Everyone was raving about this book when it was first translated to English in 2017. Typically for me, I missed all the hype. I start thinking that this is a self-preservation measure on my side to save me from too high hopes. Because of that I only started hunting for this book in 2019 once the noise died down a bit.
The mistake I made was to read it in London, where real forest feels so far away (for someone without a car). It would surely mean so much more to me had I been in my family home where the forest is a mere 15 min drive away. Still, the book managed to make an impression on me.
Peter Wohlleben (he of the ‘live well’ name) takes us for a walk in the forest. As we walk with him he points out various things and explains about the trees.
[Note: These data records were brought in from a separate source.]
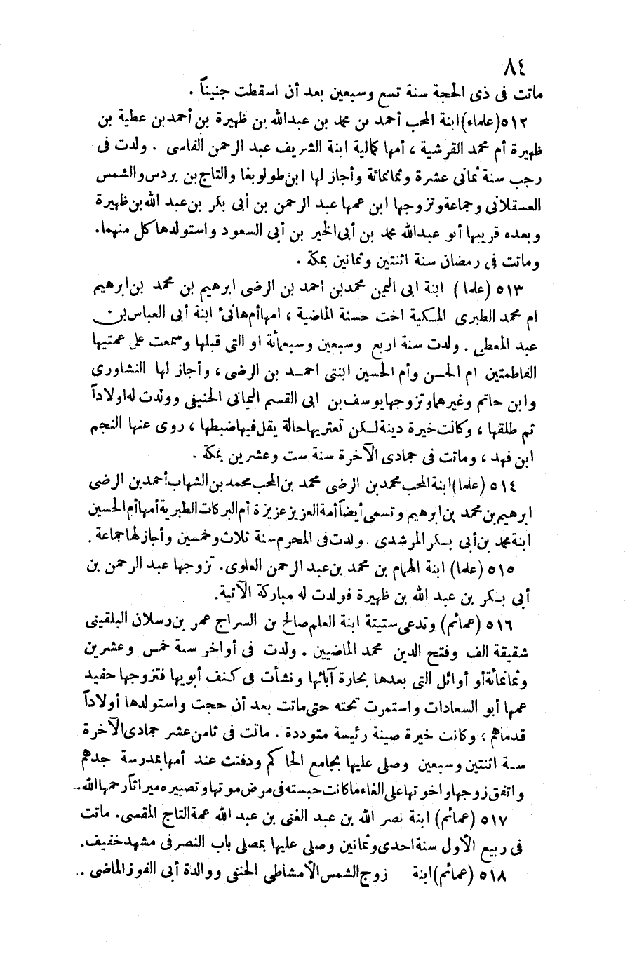 513 - (علما) ابْنة ابي الْيمن مُحَمَّد بن أَحْمد بن الرضى ابراهيم بن مُحَمَّد بن ابراهيم ام مُحَمَّد الطَّبَرِيّ المكية اخت حَسَنَة الْمَاضِيَة، امها أم هَانِئ ابْنة أبي الْعَبَّاس بن عبد الْمُعْطِي. ولدت سنة أَربع وَسبعين وَسَبْعمائة أَو الَّتِي قبلهَا وَسمعت على عمتيها الفاطمتين ام الْحسن وام الْحُسَيْن ابتي احْمَد بن الرضى، وَأَجَازَ لَهَا النشاورى وَابْن حَاتِم وَغَيرهمَا وَتَزَوجهَا يُوسُف بن أبي الْقسم الْيَمَانِيّ الحنيفي وَولدت لَهُ أَوْلَادًا ثمَّ طَلقهَا، وَكَانَت خيرة دينة لَكِن تعتريها حَالَة يقل فِيهَا ضَبطهَا، روى عَنْهَا النَّجْم ابْن فَهد، وَمَاتَتْ فِي جُمَادَى الْآخِرَة سنة سِتّ وَعشْرين بِمَكَّة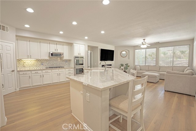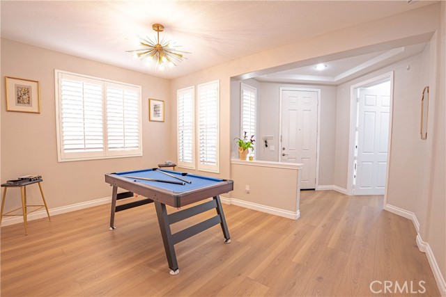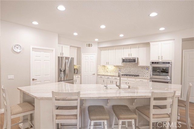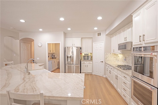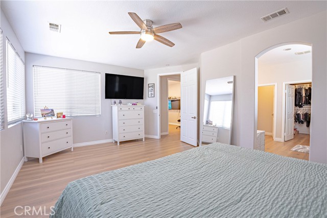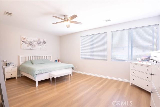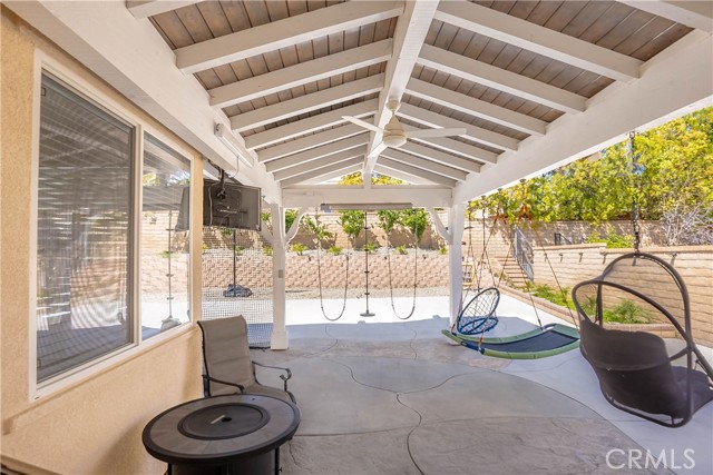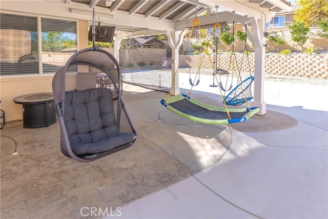 Welcome to this beautiful Tesoro del Valle home. Open concept floorplan, with lot of natural light, and a spacious kitchen with a lot of storage space will satisfy all your entertaining dreams. KitchenAid appliances, soft close drawers/cabinets, a walk-in pantry and adjacent updated butler's pantry are just some of the features you’ll enjoy. First floor offers recess lighting with energy efficient LED lightbulbs, a flex room off the kitchen that can be used as a large office or another bedroom, and a den/bedroom and half bath, and a small gym adjacent to the garage . The upstairs bedrooms all feature large closets with built-ins, and there is a loft perfect for a play room or even another bedroom. Accessible from the dining room, enter a large backyard featuring a wonderful built in patio-cover with fans and electric heaters. SOLAR PANELS ARE FULLY PAID OFF and are able to generate electricity for the entire house! Additionally, a Tesla car charger has been installed in the garage, as well as a tankless water heater. The property is equipped with a smart sprinkler system and dual Nest thermostats allowing for optimal temperature control and energy efficiency throughout the home, as well as two laundry units upstairs and downstairs. The garage provides plenty of space for vehicles and additional storage needs, including an accessible attic. Tesoro del Valle Master HOA delivers beautiful amenities including 2 pools, a clubhouse, tennis courts, a playground & a beautiful duck pond, a gym and volleyball court. This home is also walking distance to a top rated Elementary & Junior High School. Do not miss this modern home that combines sustainability and comfort!
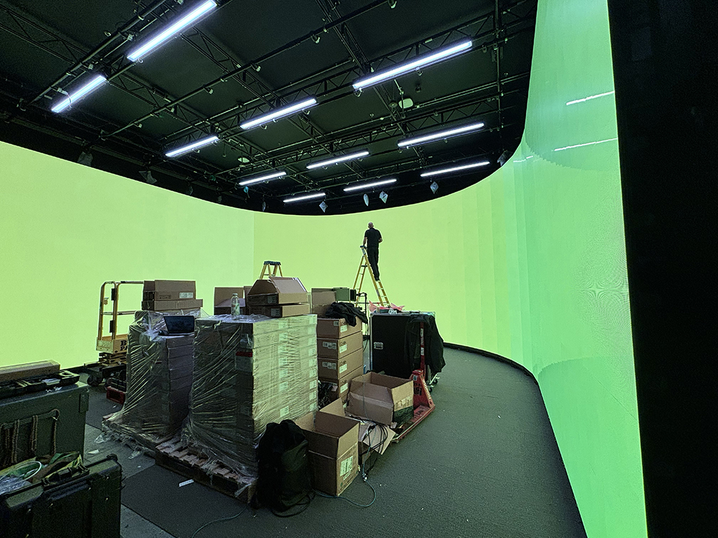 El estudio está equipado con una pantalla Sony Crystal Led con forma de herradura, sin costuras, y un tamaño total de 19,5×4 地铁. Está compuesta por 312 paneles Verona de Sony de 2 像素间距.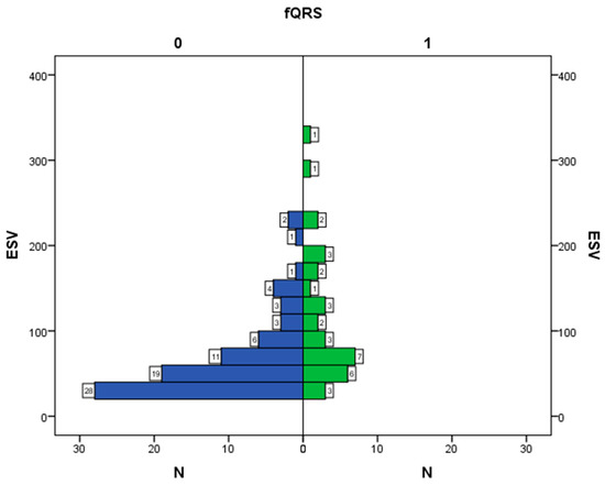Interrelation between fQRS and end-systolic volume; N—number of observations, fQRS—fragmented QRS complex, ESV—end-systolic volume, 0—there is no fragmented QRS complex, 1—there is fragmented QRS complex.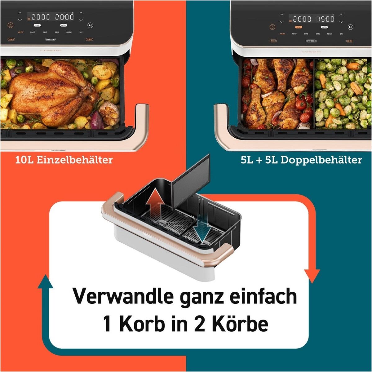 Diese Heißluftfritteuse lässt keine Wünsche offen und erweitert Ihr Koch-Repertoire: Machen Sie ganz einfach aus einem einzelnen Korb zwei getrennt von einander steuerbare.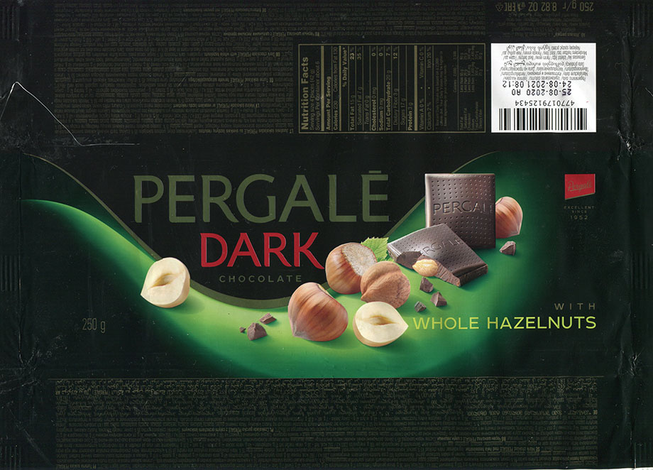 Dark chocolate Pergale with whole hazelnuts, 250g, 25.08.2020, Vilniaus Pergale AB, Vilnius, Lithuania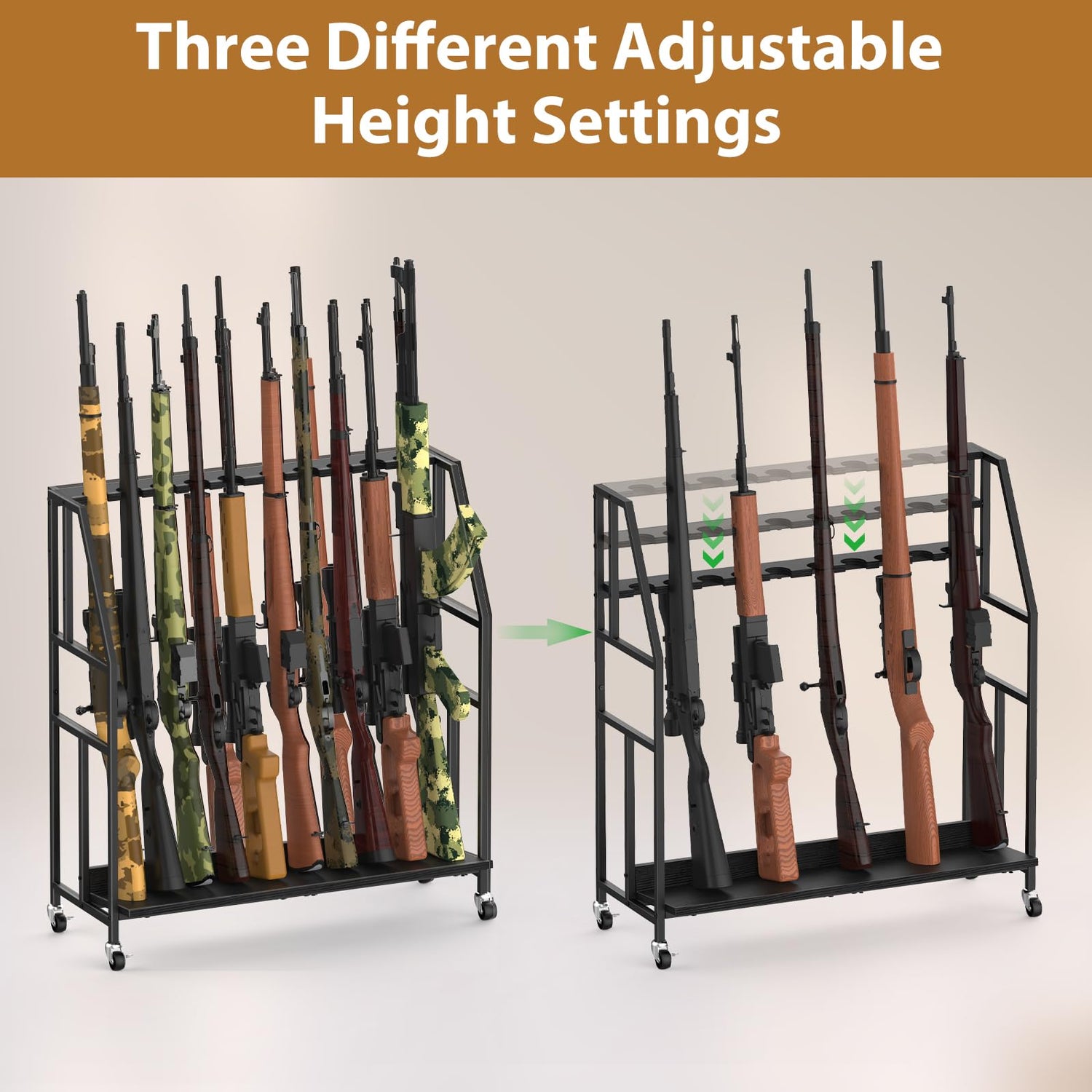 - Adjustable Height: This rifle stand offers 3 adjustable height settings (26.4", 31.1", and 33.8"), making it ideal for storing a wide range of firearms. It can hold up to 10 long guns, perfect for storing and organizing rifles, shotguns, and more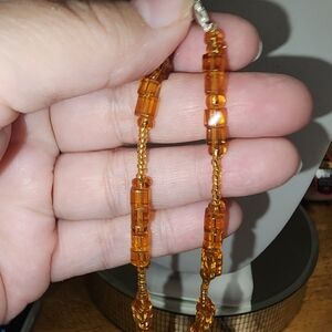 This stunning amber colored glass beaded necklace with glass pendant is perfect for adding a touch of elegance to any outfit. The rich brown and gold tones create a warm, sophisticated look.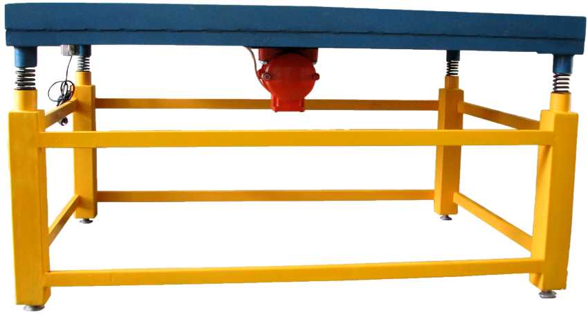 Основной элемент вибростола — двигатель с эксцентриком, которые в паре образуют вибрирующий узел. Вибромеханизм приводит в движение подвижную плиту, на которой в процессе производства будет располагаться форма с раствором. Под воздействием вибрации плиты раствор уплотняется до определенного предела, после чего на плиту устанавливают новые формы.
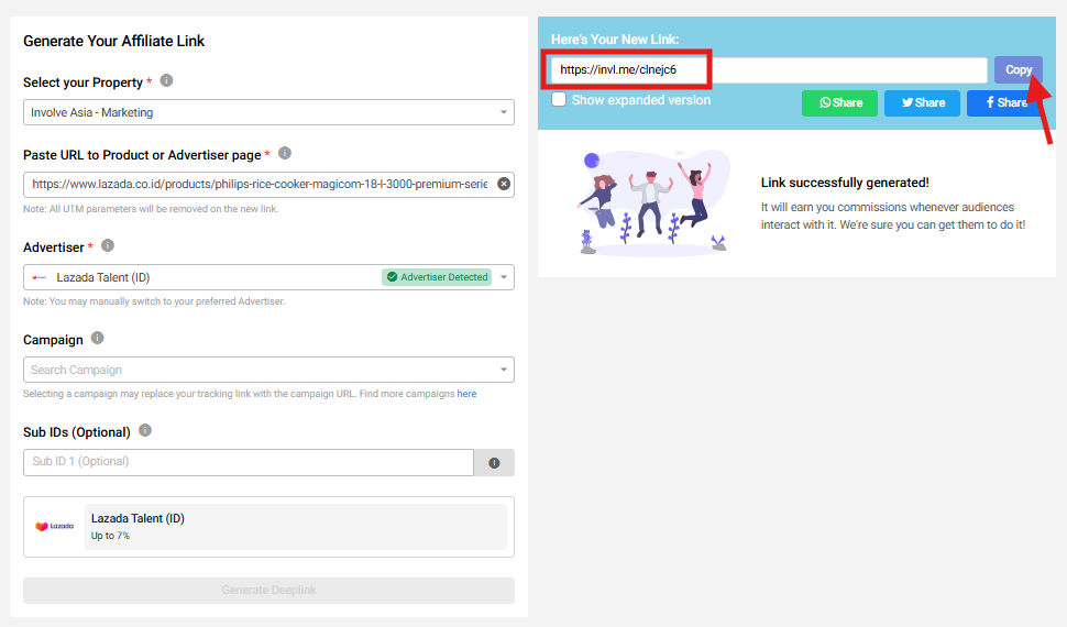 Read: How to use your unique affiliate links on Involve Asia

So far quite typical. What makes this book stand out is that Wohlleben adopts the perspective of trees. As if they were feeling and communicating beings. This for him is the only way to explain some of the phenomena he encounters. Such as trees feeding their competitors or keeping stumps of other felled trees alive.
Based on the research of dr Suzanne Simard he introduces to us the concept of ‘Wood Wide Web’, a communication system formed by trees and fungi. It is what makes the trees collaboration possible and cooperate they must if they want to survive. Trees have to always see the forest for the trees. It is the only way they can control the local climate, keep water where it’s needed, protect each other from the wind, and moderate extreme temperatures. Alone they are just trees together they are a superorganism. Like a superhero controlling water, temperature, humidity, wind, owning and ruling their environment.
Wohlleben writes also about tree parenting. And it is one of tough love. Older trees deprive the younger ones of light. While this makes them grow slower it is exactly what is needed to grow a straight, healthy tree. If they grow too fast their trunks become less stable and more prone to damage. But which teenager would willingly accept that! Young trees are not so different in that respect.
Another aspect he writes about a lot is communication. Some trees are capable of recognizing the insects gnawing on them by their saliva and coordinate a chemical reaction that will make their leaves bitter but also generates, for example, a scent inviting the insect’s predator for a feast. They also communicate with one another by sending chemicals through the network of fungi their roots are connected to. And by sending, very, very slowly, electric signals through their body. Which is not so different from how an animal’s brain works (if you discount the speed of the signal).
At one point Wohlleben even makes a case to consider an option that trees have a brain. It is being often dismissed, on the grounds, it would blur the line between plants and animals. But as he mentions this line is truly arbitrary distinction based on the method of obtaining food, animals eating external organic matter, while trees produce their own food. However, there are known examples of plants that defy this rule. I could not agree more with Wohlleben when he says that maybe we would care more about the trees if we perceived them as closer to animals.
There is a wealth of knowledge and observations in this book and there is no way, or point really, for me to try and cover all of it. Allow me then to mention just one more thing I found fascinating. Forests are the only way of getting the humidity, water and clouds generated over the seas and oceans inland. If we cut down the seaside forests or break too many links of the forest chaing going inland, we will end up with a desert. Forests are the key components to keeping our continents inland space habitable. And we won’t all fit in the shores.
Keep that in mind next time when you are in the forest. And take this book with you! As much as, at times, I felt Wohlleben anthropomorphized the trees a bit too much, this book has taught me a lot and opened my eyes even more. Well worth the life of trees felled for the paper it is printed on. A true tribute to them actually!